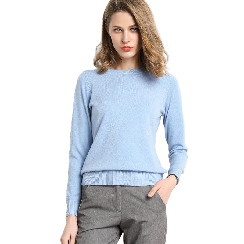 Women's Crew Neckline Jumper with Long Sleeves and Ribbed Hem
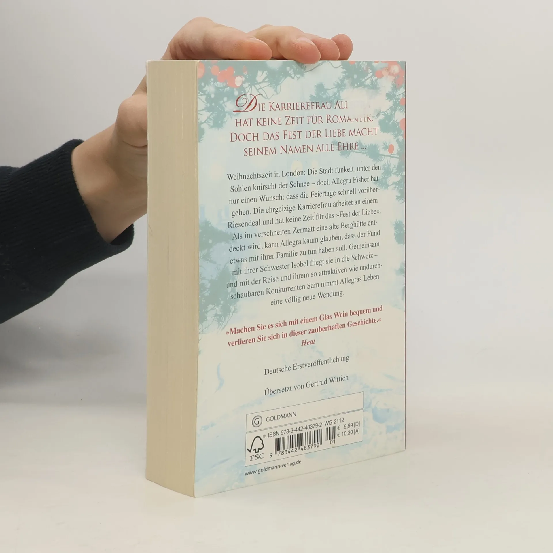 Karrierefrau Allegra hat keine Zeit für Romantik. Doch das Fest der Liebe macht seinem Namen alle Ehre ... Weihnachtszeit in London: Die Stadt funkelt, unter den Sohlen knirscht der Schnee – doch Allegra Fisher hat nur einen Wunsch: dass die Feiertage schnell vorübergehen. Die Karrierefrau arbeitet an einem Riesendeal und hat keine Zeit für das »Fest der Liebe«. Als im verschneiten Zermatt eine alte Berghütte entdeckt wird, kann Allegra kaum glauben, dass der Fund etwas mit ihrer Familie zu tun haben soll. Gemeinsam mit ihrer Schwester Isobel fliegt sie in die Schweiz – und mit der Reise und ihrem attraktiven Konkurrenten Sam nimmt Allegras Leben eine neue Wendung. Vielleicht wird es doch ein Fest der Liebe ...
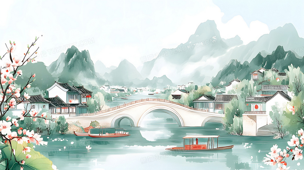本作品内容为插画水彩风格江南水乡青山绿水石桥小船唯美风光, 格式为 jpg, 大小3 MB, 图片尺寸为2912 x 1632, 源文件无水印, 欢迎使用熊猫办公。 如认为平台内容涉嫌侵权,可通过邮件:tousu@tukuppt.com提出书面通知,我们将及时处理。

• • • •

* WHAT THE TASK REQUIRES *
Leave out the pictures, and write out exactly the lines from the one containing "Karrierefrau Allegra hat" through the last line of the listing, both included.

* TASK RESULT *
 Karrierefrau Allegra hat keine Zeit für Romantik. Doch das Fest der Liebe macht seinem Namen alle Ehre ... Weihnachtszeit in London: Die Stadt funkelt, unter den Sohlen knirscht der Schnee – doch Allegra Fisher hat nur einen Wunsch: dass die Feiertage schnell vorübergehen. Die Karrierefrau arbeitet an einem Riesendeal und hat keine Zeit für das »Fest der Liebe«. Als im verschneiten Zermatt eine alte Berghütte entdeckt wird, kann Allegra kaum glauben, dass der Fund etwas mit ihrer Familie zu tun haben soll. Gemeinsam mit ihrer Schwester Isobel fliegt sie in die Schweiz – und mit der Reise und ihrem attraktiven Konkurrenten Sam nimmt Allegras Leben eine neue Wendung. Vielleicht wird es doch ein Fest der Liebe ...
本作品内容为插画水彩风格江南水乡青山绿水石桥小船唯美风光, 格式为 jpg, 大小3 MB, 图片尺寸为2912 x 1632, 源文件无水印, 欢迎使用熊猫办公。 如认为平台内容涉嫌侵权,可通过邮件:tousu@tukuppt.com提出书面通知,我们将及时处理。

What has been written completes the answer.